LINDSEY BUCKINGHAM
"Lindsey Buckingham"
(REPRISE RECORDS)
****
Przed
dwoma laty, po przebytym zawale przeszedł operację serca. Pomimo
wszystko trzymał się zamiaru wypełnienia zaplanowanej na kolejny rok
trasy koncertowej, choć tę z racji kowidowych jednak trzeba było
odwołać. Chwilę wcześniej rozstał się z żoną - matką trojga swoich dzieci -
mocno przybiła go też niedawna śmierć Petera Greena, a na domiar wszystkiego, w
wyniku konfliktu ze Stevie Nicks, wyrzucono go z Fleetewood Mac. Z
zespołu, który był dla niego drugim domem, i który w wyniku jego absencji
właśnie przesłania niepewność dalszej przyszłości ekipy Micka Fleetwooda. Sporo tego, jak na jednego człowieka. A jednak Lindsey pozbierał się,
gibko rozpisał w słowach i nutach, równie zwinnie nastroił
instrumenty, i oto jest nowy album, nazwany po prostu "Lindsey
Buckingham". Zupełnie, jakby brak dla niego wyszukanego tytułu, tym razem
miało stanowić za nowe rozdanie, nowy rozdział.
"Lindsey
Buckingham" to mieszanka kalifornijskiego, słonecznego power popu,
niekiedy dla równowagi skrywające pochmurne ballady, a w warstwie
literackiej rozciągające na różnych polach tematy osobistych relacji,
także tych rodzinnych. Co ciekawe, niektóre piosenki powstały jeszcze przed
rozwodem muzyka z żoną oraz rozstaniem z Fleetwood Mac. Wychodzi na to, iż dostarczone dzieło
nie uniknęło materiału proroczego, przy okazji dowodząc radości i bólom, jako czynnikom
od zawsze obok siebie współistniejącym.
Jako, że z FleetwoodMac'kami
Buckingham, pomimo twórczego zapału, od lat nie mógł się
ufonograficznić, wreszcie wziął sprawy w swoje ręce i w stosownym dla
stylu grupy nagrał płytę bez choćby jednej skazy. I to jest też w stu
procentach jego płyta - maestro zaśpiewał wszystkie pierwsze, jak i
backgroundowe partie wokalne, do tego zagrał na gitarach akustycznej,
elektrycznej oraz gitarowym syntezatorze, ponadto na basie oraz również
jego syntezatorowym odpowiedniku, także na perkusji żywej plus tej programowanej, a i całość wyprodukował. Wielozadaniowy, wszechuzdolniony człowiek, o dumnie brzmiącym nazwisku największego na świecie pałacu królewskiego.

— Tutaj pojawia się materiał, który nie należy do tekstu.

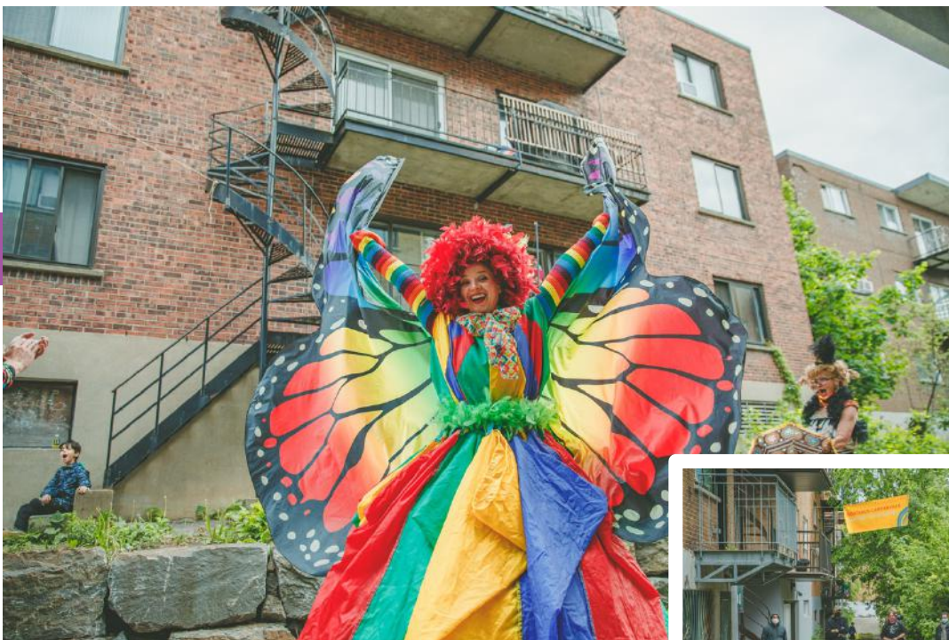
La troupe Drôladon et les partenaires du CLIC pour les balconnés à Cartierville le 31 mai 2020.

Un grand merci et bravo à toutes ces personnes, elles ont fait la différence !

Dwie powłoki. Z jednej strony na "Lindsey Buckingham" zapanowała atmosfera napiętej struny, jednak drugie, to pogodniejsze oblicze płyty, wypełniają swobodnej ręki, niemal FleetwoodMac'kowe piosenki. A to, że każdy ma wokół siebie ludzi, którzy wgryźliby się w naszą szyjną tętnicę, wiadomo nie od dziś, i Lindsey też ma tego świadomość.
a.m.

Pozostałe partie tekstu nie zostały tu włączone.